Alice Hartley's Happiness

Finished April 29
Alice Hartley's Happiness by Philippa Gregory

My mom bought this book last summer when we were in a discount book store. The reason she bought it is that Alice Hartley was also my (paternal) grandmother's name. Scanning the back cover where it said "Alice Hartley is a woman in her prime. Yet she is not happy. Her husband refuses to respond to her mature delights, leaving her powerless as his interest strays elsewhere. ..." grabbed our attention. When my grandma asked me for books, she was always careful to tell me "no sex", so this description seemed too funny.
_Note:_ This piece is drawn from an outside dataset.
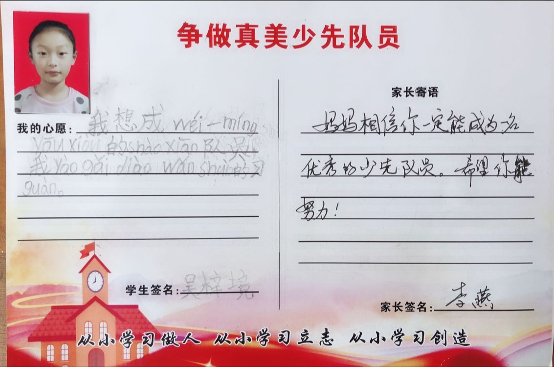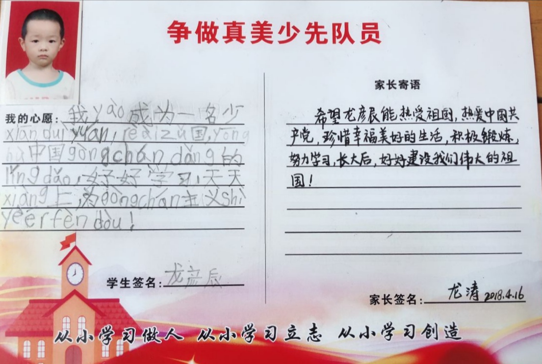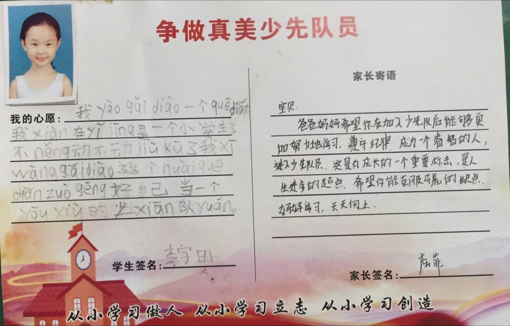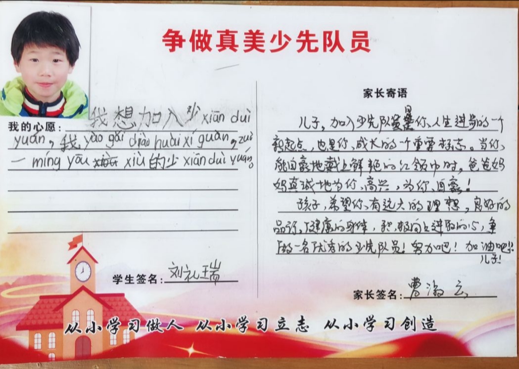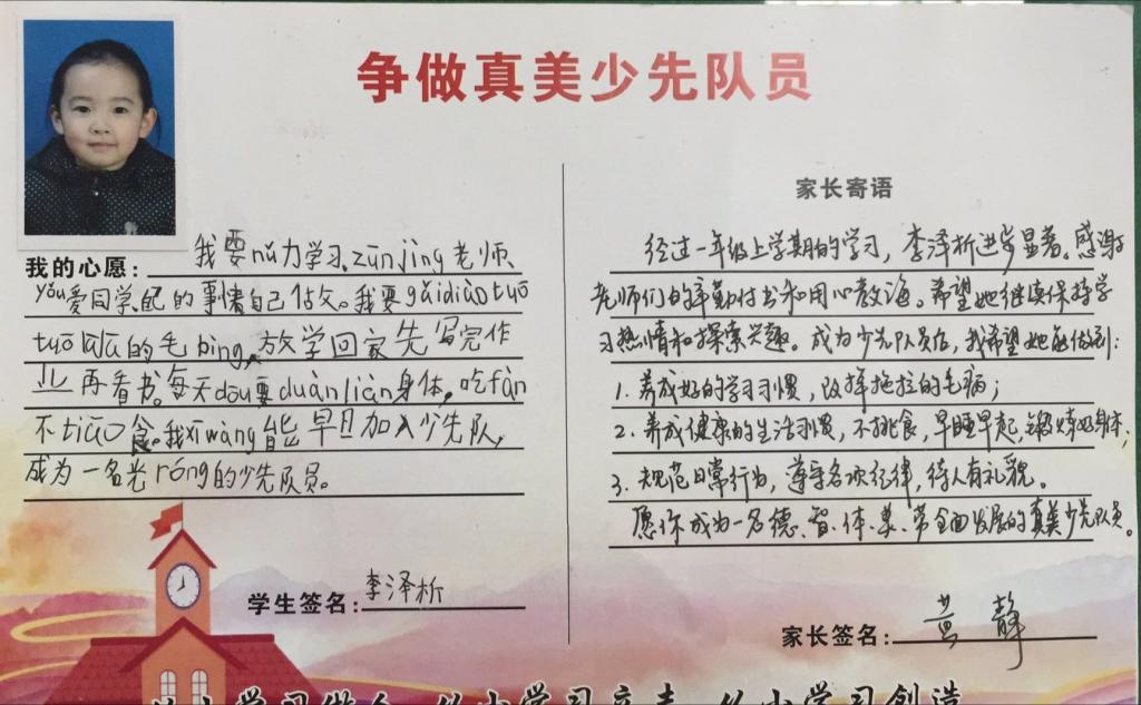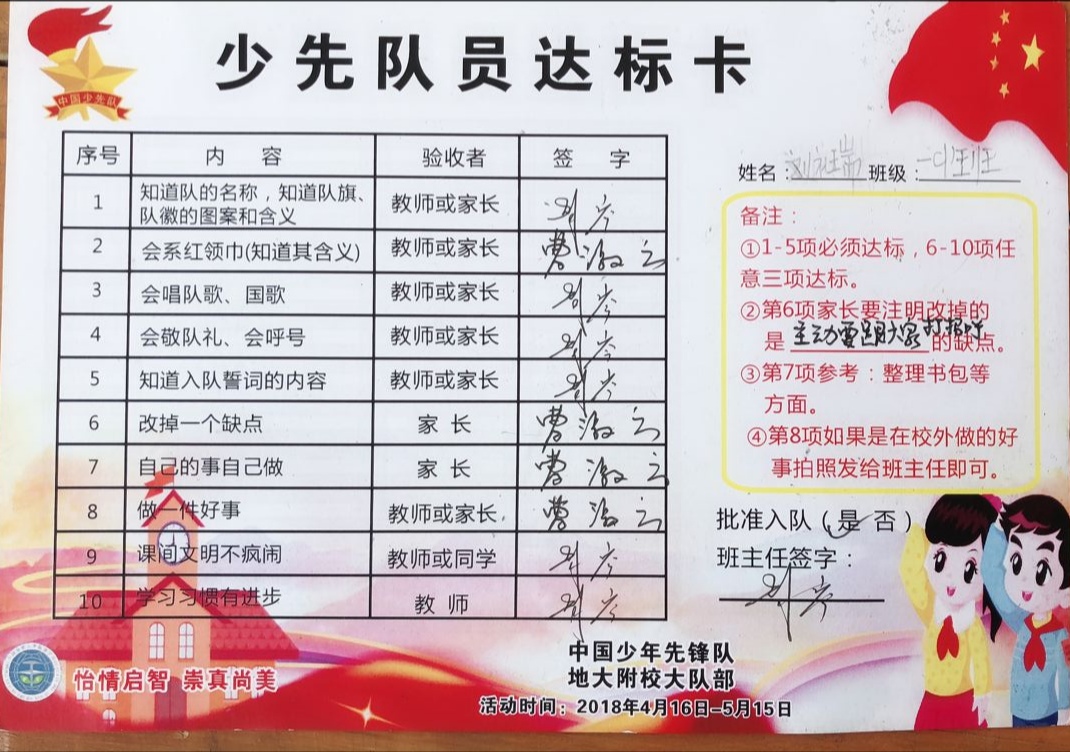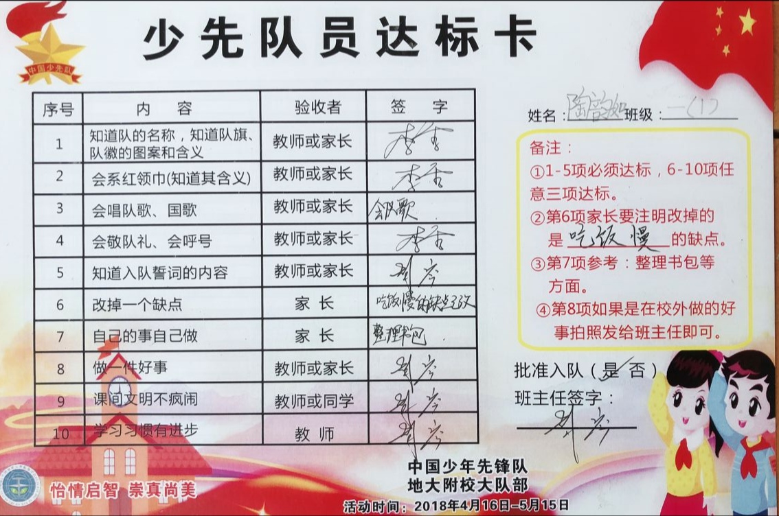 为了让一年级的同学尽快融入少先队的大集体中,前期,学校大队部开展了多次“少先队员十知道”等主题的队前教育班会,在队课上,同学们了解了少先队的历史、性质和任务;在辅导员的指导下,掌握队歌、队礼、宣誓、呼号的正确行动方式;懂得了队歌、队礼、呼号等少先队礼仪的切实含义,借此充分激发了新队员立志成为一名光荣的少先队员的热情,另外为了让所有同学积极参与,大队部还专门设置了入队达标卡,同学们不仅认真学,还脚踏实地地做着。大队辅导员段亚清老师将长达两个月的队前教育做成视频让同学们回顾着,增强了同学们积极入队的氛围。

My mom read it last summer, often laughing out loud and reading me passages. It's been sitting in my pile since then, and since I've been sick for a few days it seemed a nice light read, and it was perfect.
I think of Philippa Gregory for her historical novels, well-researched and with great characterization. This book shows the research and characterization, but is a total hoot. It's a send-up of romance novels, but with a nice humorous base in the men versus women power struggle. Alice takes advantage where she sees it, and finds that she sees what appeals to not only women her age, but many other women and some men too.
One of my favourite lines: "Why do they never learn - these fictional characters who so blithely trigger their own denouement?" I also loved the session with the young mothers doing affirmations.
A wonderful, side-splitting, grin-inducing novel. Enjoy it.